前半については、日清戦争はともかく、日露戦争は全くの辛勝で、いくつかの大きな幸運に助けられたという側面は否定できず、織田信長の行った戦争に例えるなら、桶狭間の戦いあたりになるのであろう。ただし織田信長は生涯に一度しか桶狭間の戦いのような戦争をしていないが、日本軍はこの日露戦争をその後の範としてしまったところがあり、太平洋戦争末期の負け戦であることが歴然としている状況下でさえ、インパール作戦のようなとんでもない起死回生の大博打を打って墓穴を掘っている。
☆☆☆ そして前半と後半の間にくるのが第1次世界大戦であるが、日本はここでは本格的な戦闘をなんら経験せずに漁夫の利を得たことが、かえって総力戦時代に見合った軍隊の近代化を遅らせることになる。太平洋戦争を待たずとも、そのことが如実に現れたのがノモンハン事件で、2度の五ヵ年計画ですっかり様変わりしたソビエト軍に、泣く子も黙る関東軍は翻弄されることになる。
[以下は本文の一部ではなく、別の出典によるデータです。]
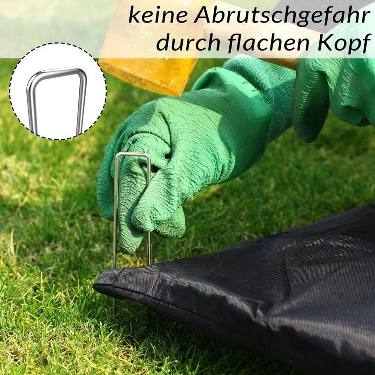 De stevige stalen haringen zijn geschikt voor normale grond (bos en weide) en kunnen eenvoudig met de hand in de grond gedrukt worden.

“賢者は失敗から学び、愚者は同じ失敗を繰り返す”と言うが、日本の軍部がどうしてソ連をアメリカに替え、戦場を陸から海に替えればすべてうまくいくなどと思ったのか理解不能である。ノモンハン事件で、もっと悍ましいことには、辻政信あたりのA級戦犯が大した処分もされずに、ほどなく軍部の中枢に返り咲いているのに対し、彼の命令に忠実であった何人もの下級仕官は理由にもならない理由で、詰め腹を切らされて、自決に追い込まれている。
☆☆☆ 前半と後半を分ける大きな違いは、前半は、軍人ではないが日清戦争でPivotal Leadershipをとった伊藤博文あたりが典型的であるが、幕末に下級武士としての教育を受けた人達が担ったのに対し、後半の戦争を担ったのはいわゆる陸大あたりで養成されてきた軍事Technocratsで、東条英機あたりがその典型となる。
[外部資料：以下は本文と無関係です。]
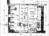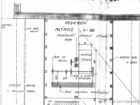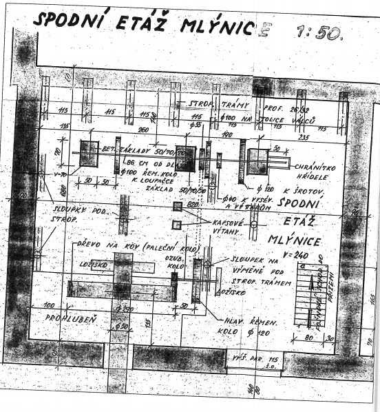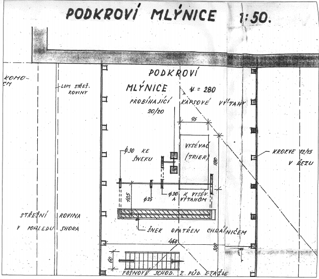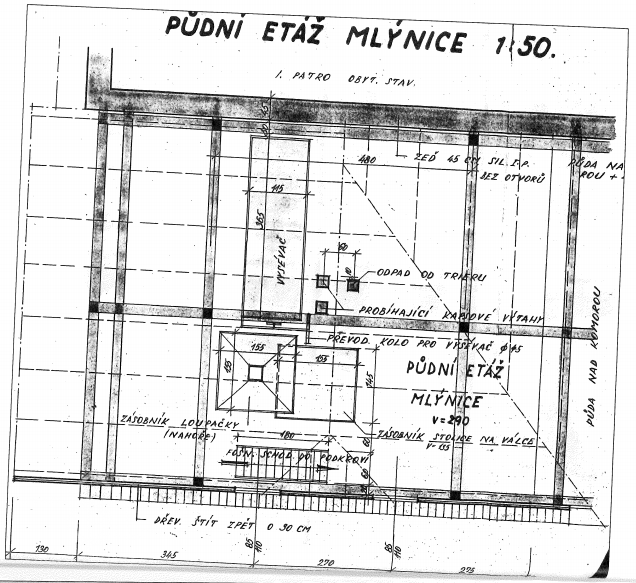 přízemí - loupačka, válcová stolice, šrotovník, příjem obilí a výdej mouky

近代国家の戦争は、国家をあげての営みで、特に第一次世界大戦後のように総力戦の時代に入ると、なおさらである。当然、軍事と政治、外交、経済がきちんと統括されないとまともな戦いはできない。下級武士の教育というのは、いわゆる儒学と朱子学中心というか、要するに、論語あたりを幼い頃から、意味がわかろうがわかるまいがに関係なく、素読させる。
それでどういう技術が身につくというわけでもないのだが、大所高所から考えるという人生や社会に対する処し方は身につく。技術的なものは後で必要になれば、大急ぎで勉強することも、あるいは下の者に任せることもできるが、この大所高所から考えるという態度は一朝一夕に身につくものではない。
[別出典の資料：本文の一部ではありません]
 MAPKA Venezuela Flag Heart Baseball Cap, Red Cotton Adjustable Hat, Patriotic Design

これに対し、陸大あたりの教育は、完全に軍事技術的な話に偏り、戦争でLeadershipを取る人間に絶対欠かせない社会科学あたりの教育はほとんどないか、お粗末そのものである。結果として、蛸壺的な軍事に関する知識以外には、他愛もない精神主義しかない軍事Technocratsを大量に生み出し、こういう人間が、国家をあげての戦時体制に移行して、経済や外交にも嘴をはさんでくるようになるとどうなるかをまざまざと示しているのが、15年戦争の頃の日本である。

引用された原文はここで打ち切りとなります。